Love is in the air. How do you feel about writing sex scenes in crime fiction?
My books have quite a lot of action, violence, suspense. What they don’t have a lot of is sex or even romance, really.
Not that I intentionally write chaste books, but it just sort of happened that way. Perhaps it stems from the one time I did try it and how I feel about it now. In an early novel I included a sex scene. I still stand by that it was true to the characters, advanced the plot and wasn’t extraneous or merely there for titillation. That said, when I look back on it now, it feels icky to me. I recently got rights back to that book and if I were to bring it out again, I would revisit that scene and maybe not cut it entirely, but rewrite it for sure.
There is a very good chance that I simply wrote it poorly. As I’ve admitted, I don’t have much expertise in this area of writing. That includes reading. I don’t read a whole lot of stuff that has extended sex or deep romances. And I don’t mean smut or porn, but I’m not among the millions of reader who love so many of the epic fantasies that are huge right now. I’m not a Romance reader. I’m not the kind of reader who stops their scrolling when they see a book cover with a half naked model on the cover, male or female, and think “Oooh, tell me more”. But those readers exist in huge numbers. They want the steamy, the sexy, the bawdy. But they want it well written. (there’s a reason they give an award for worst sex scene in a book. It’s a minefield) And there are hundreds of authors willing and eager to give it to them. Just not me.

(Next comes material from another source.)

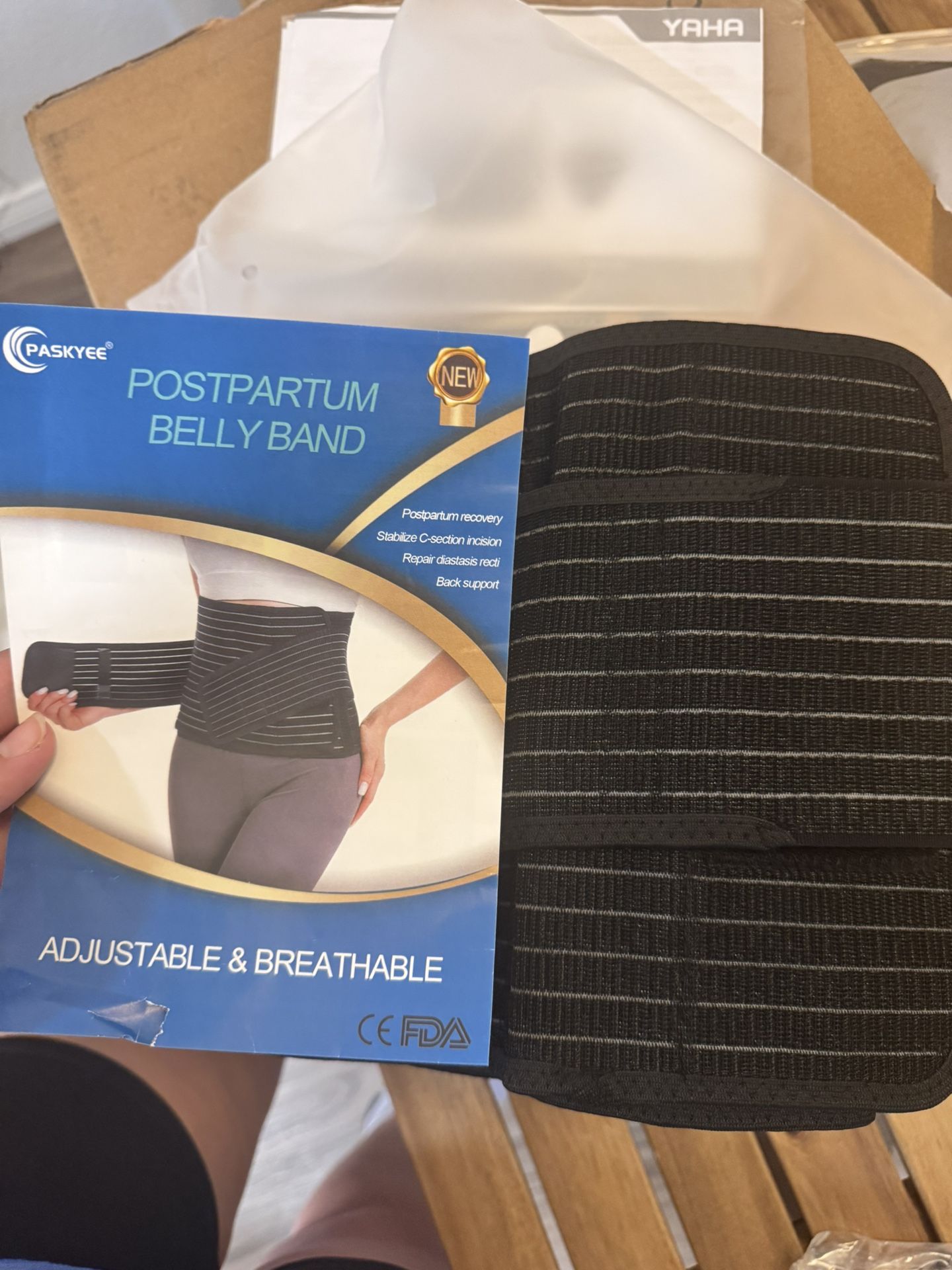Paskyee Postpartum Belly Band, Abdominal Binder Post Surgery Belly Wrap, C Section Recovery Must Haves, Girdle For Postnatal Care, Waist/Pelvis Belt For Back Pain Relief Black L/XL
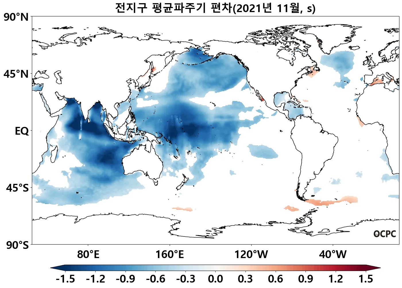 최근 30년 동안 11월의 전지구 및 한국주변해역의 평균파주기는 10년에 0.1초씩 감소하는 추세입니다.

I don’t consider myself prude. I’ve got no religious hangups about sex. I’m equally as uninterested in a same-sex scene and a straight scene. And yet, I don’t think it’s realistic to ignore sex entirely in books. It’s a part of life, therefore it should be a part of our characters.
So maybe when I wrote my scene, and the later regretted it, I was just admitting this is not what I do well.

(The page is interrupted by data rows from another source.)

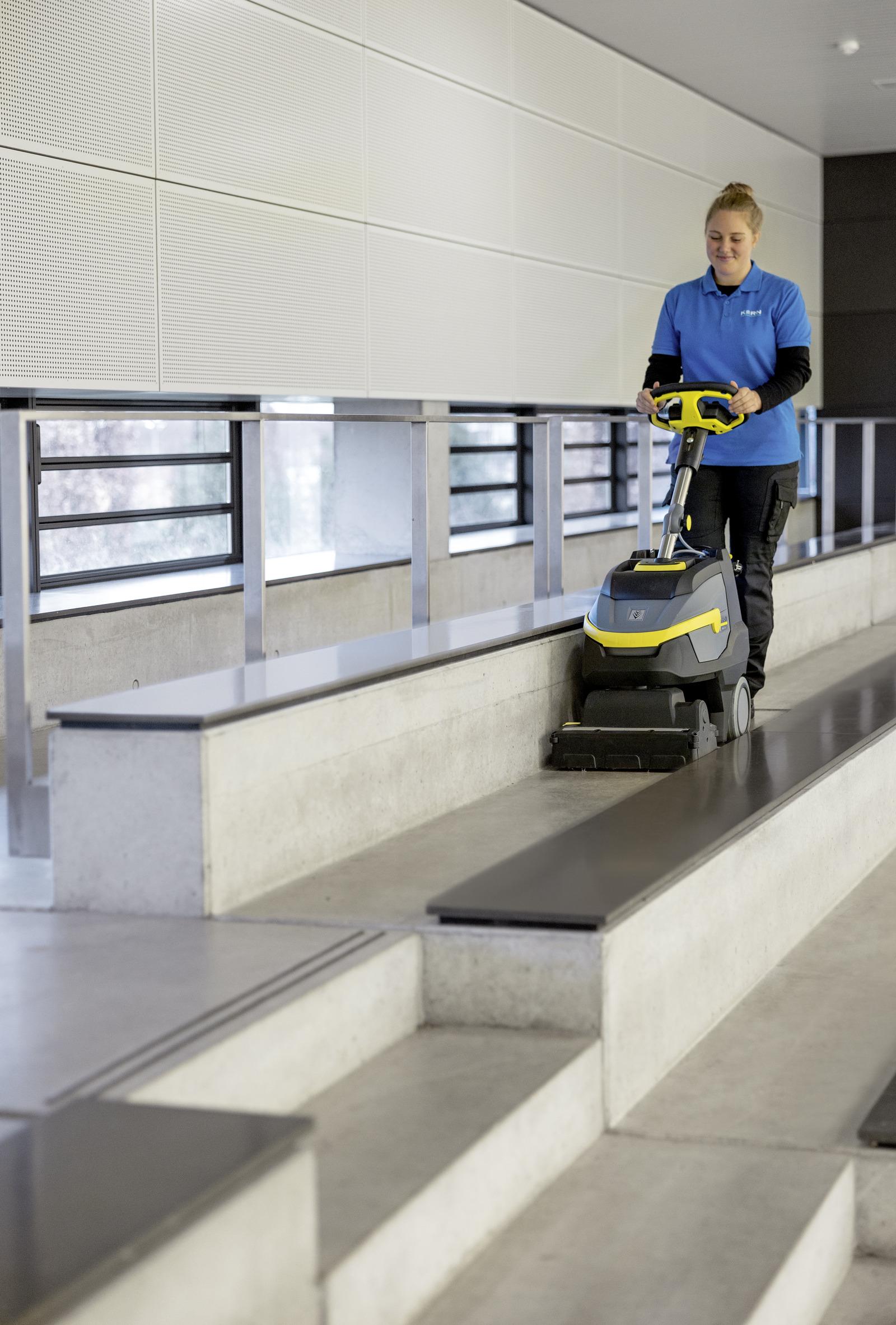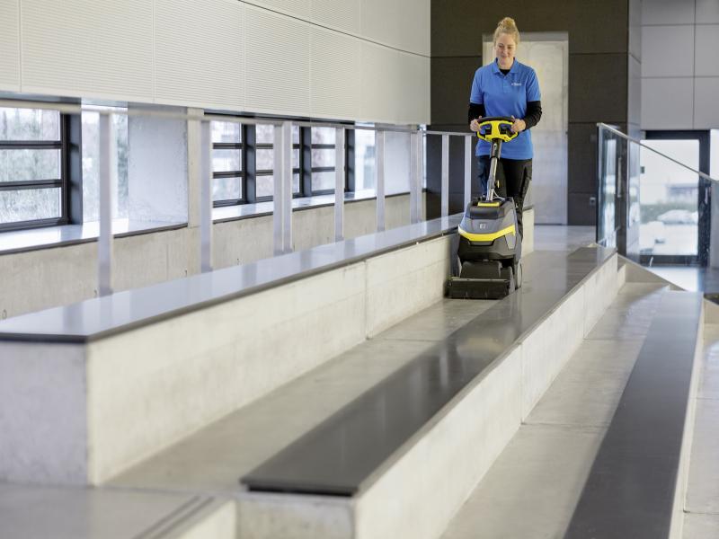 - De machine reinigt zowel vooruit als achteruit en is dankzij het lage gewicht eenvoudig te vervoeren. Daardoor is hij ook zeer geschikt voor gebruik op trappen, drempels en bordessen.
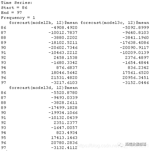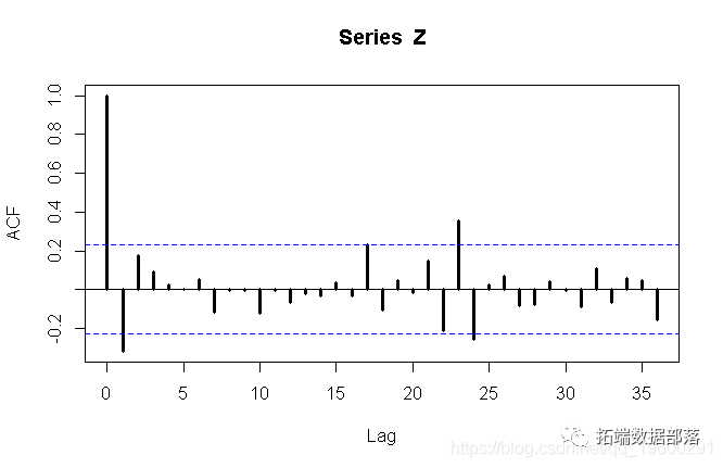 数字不同,但差异不大(请注意置信区间的大小)。这可以解释为什么在R中,当我们在自回归过程时 ,得到一个模型要估计的参数
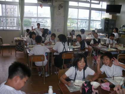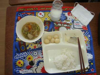 5年2組をたずねました。今日は月見行事献立で、子どもたちはみたらし団子に大喜び。
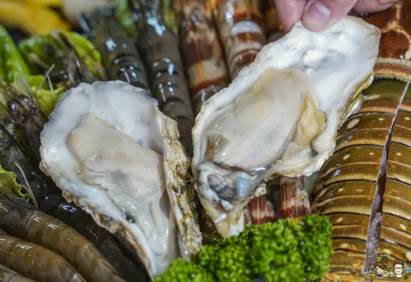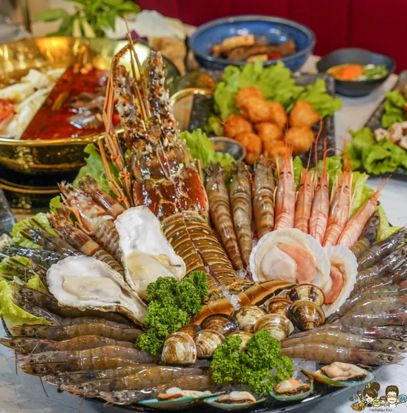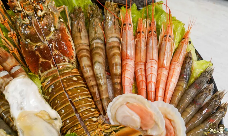 頂級巨無霸級大龍壓、數十隻各式彈牙大蝦、活釣蝦、大草蝦、海肥豬蝦、大白蝦、白蝦、鮮甜孔雀貝、深海大扇貝、蛤蠣、日本生蠔

I avoid many things I know I don’t do well. I don’t write traditional Agatha Christie-type murder mysteries because I’m just not smart enough to reverse engineer a case and to use the sleight of hand on readers to make the solution anything less than obvious.
I don’t write about dragons and knights because I find it silly. I prefer the real world, but I’m glad those that want to delve into the fantastical have those options.
I don’t write about serial killers because they bore me and if an author is bored by their subject, then the reader will be as well.
So, I gave up writing about sex.
In my latest novel I do have a bit of an unrequited love. Or at least a what-could-have-been for two characters that stops short of actual romance because of the circumstances they’re both in. That ends up more Remains Of The Day than a hot, steamy romance.
I mention it just so you know that I don’t ignore character’s feelings of love, or even lust. I wrote a whole book, The Year I Died Seven Times, about a man’s quest to get his girlfriend back and in my world, if knocking on death’s door seven times for a woman isn’t romance, then I don’t know what is. (that’s not the one with the sex scene if you’re wondering)
So I’ve taken myself out of the game for writing about sex. Not that I won’t ever again. It if fits the story and it advances the plot, sex can tell us a lot about characters. Maybe I’ll practice a little first. Write some stuff and only show it to my wife. She’s already excellent at telling me if my attempts at sex are lousy.